-- Opening Marker --
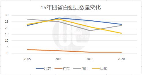 江苏在苏南、苏中、苏北都有一些比较好的县,尽管有些县改成区,分布仍然较为均衡,整体数量减少不多;但广东区域发展差距较大,发达的县域经济主要集中在珠三角,在强县改区后,县域经济发展就会显得有些难以为继。
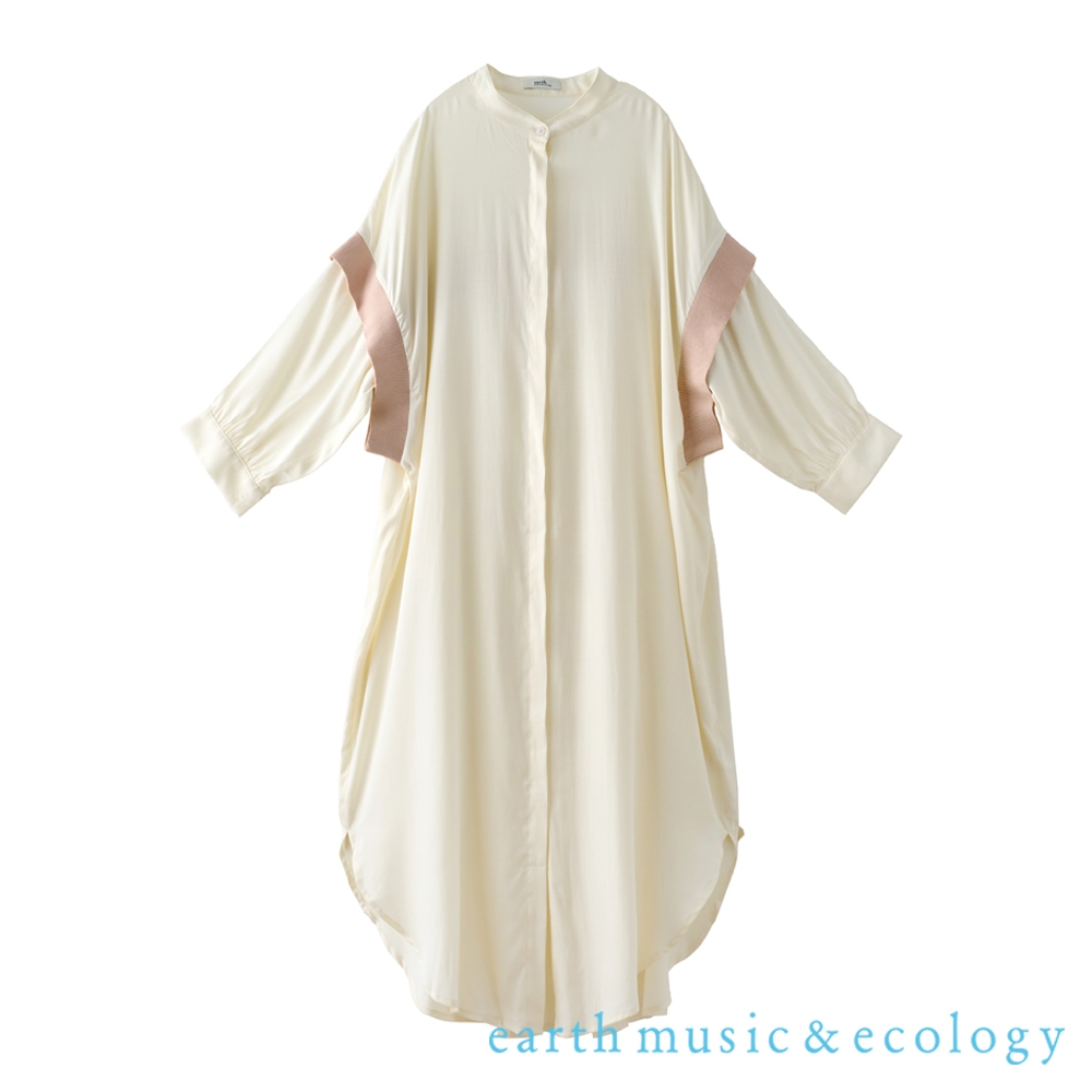 earth music&ecology 拼接羅紋襯衫洋裝(LA43L0H0100)象牙色F|藍色Fearth music&ecology Select Store
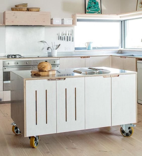 Pero la última tendencia en cocinas es el uso de islas con ruedas, las cuales se pueden bloquear fácilmente y de forma segura.
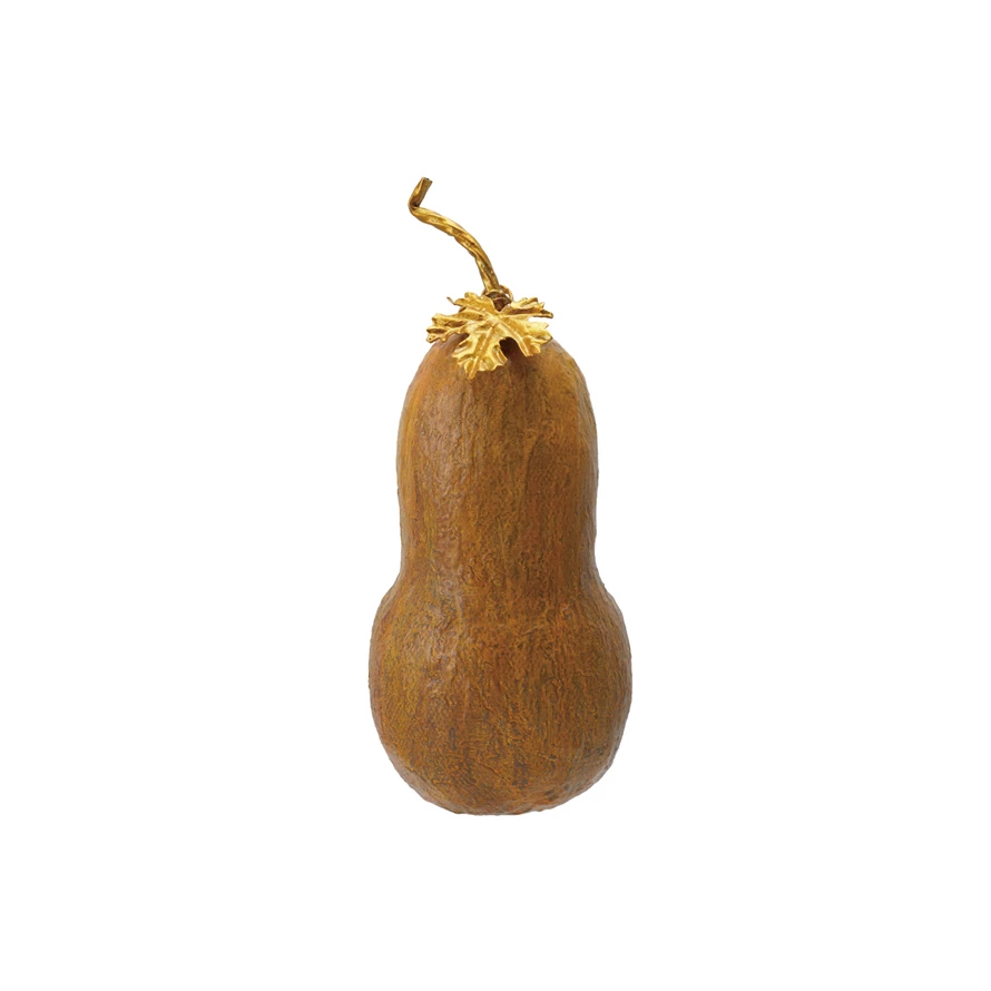 Paper Mache & Metal Pumpkin, Orange Color & Gold Finish
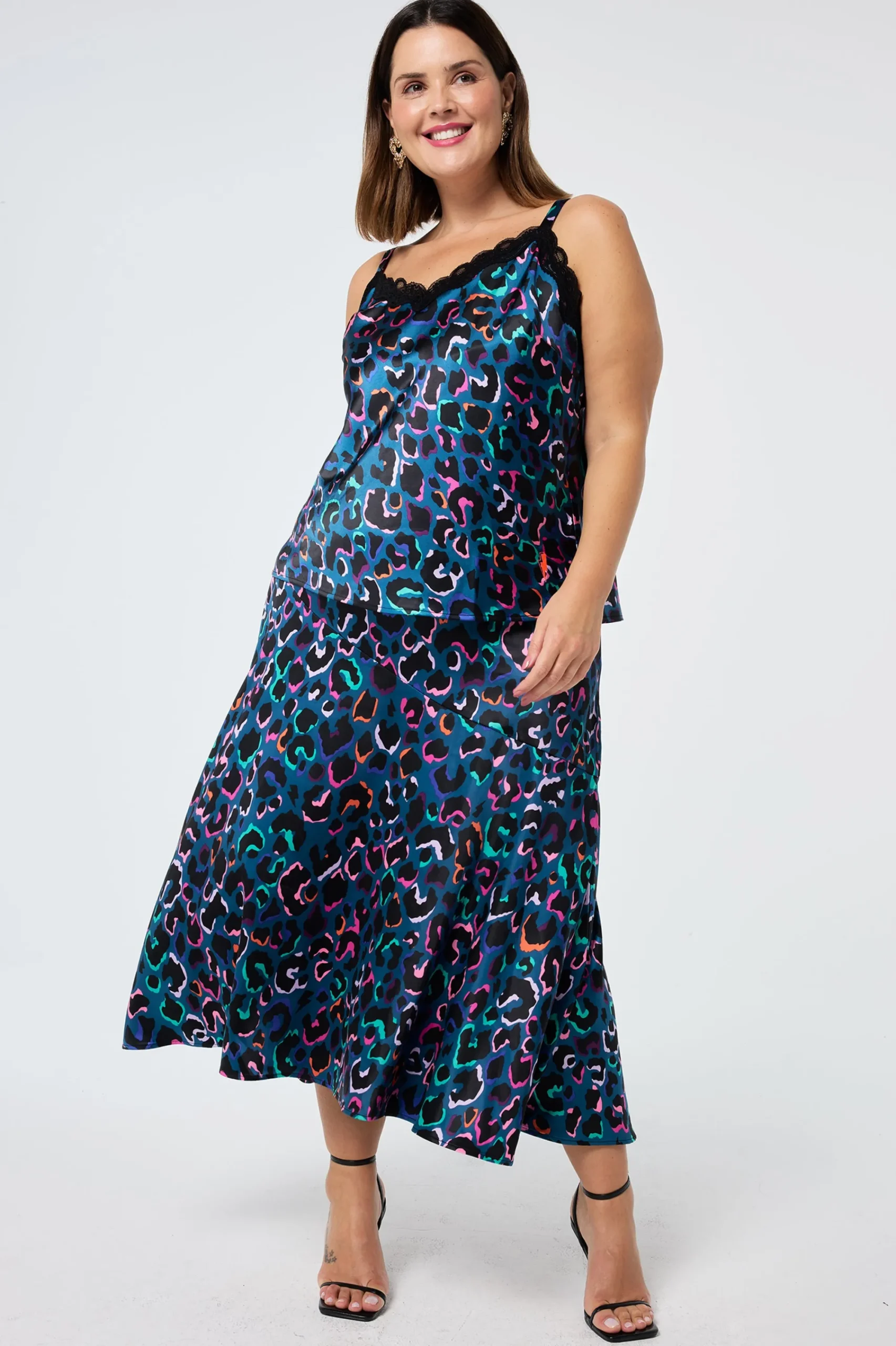 Spruce up your skirts collection with this teal with rainbow shadow leopard high low skirt, it’s a statement making pick that can be dressed up or down. It’s made from soft satin and designed with an elasticated waist on the back for easy comfort.
-- Closing Marker --
ACTIVITY >>
In the reply, each line of the data must appear exactly as written, and no picture may appear.

SOLVED PROBLEM >>
 江苏在苏南、苏中、苏北都有一些比较好的县,尽管有些县改成区,分布仍然较为均衡,整体数量减少不多;但广东区域发展差距较大,发达的县域经济主要集中在珠三角,在强县改区后,县域经济发展就会显得有些难以为继。
 earth music&ecology 拼接羅紋襯衫洋裝(LA43L0H0100)象牙色F|藍色Fearth music&ecology Select Store
 Pero la última tendencia en cocinas es el uso de islas con ruedas, las cuales se pueden bloquear fácilmente y de forma segura.
 Paper Mache & Metal Pumpkin, Orange Color & Gold Finish
 Spruce up your skirts collection with this teal with rainbow shadow leopard high low skirt, it’s a statement making pick that can be dressed up or down. It’s made from soft satin and designed with an elasticated waist on the back for easy comfort.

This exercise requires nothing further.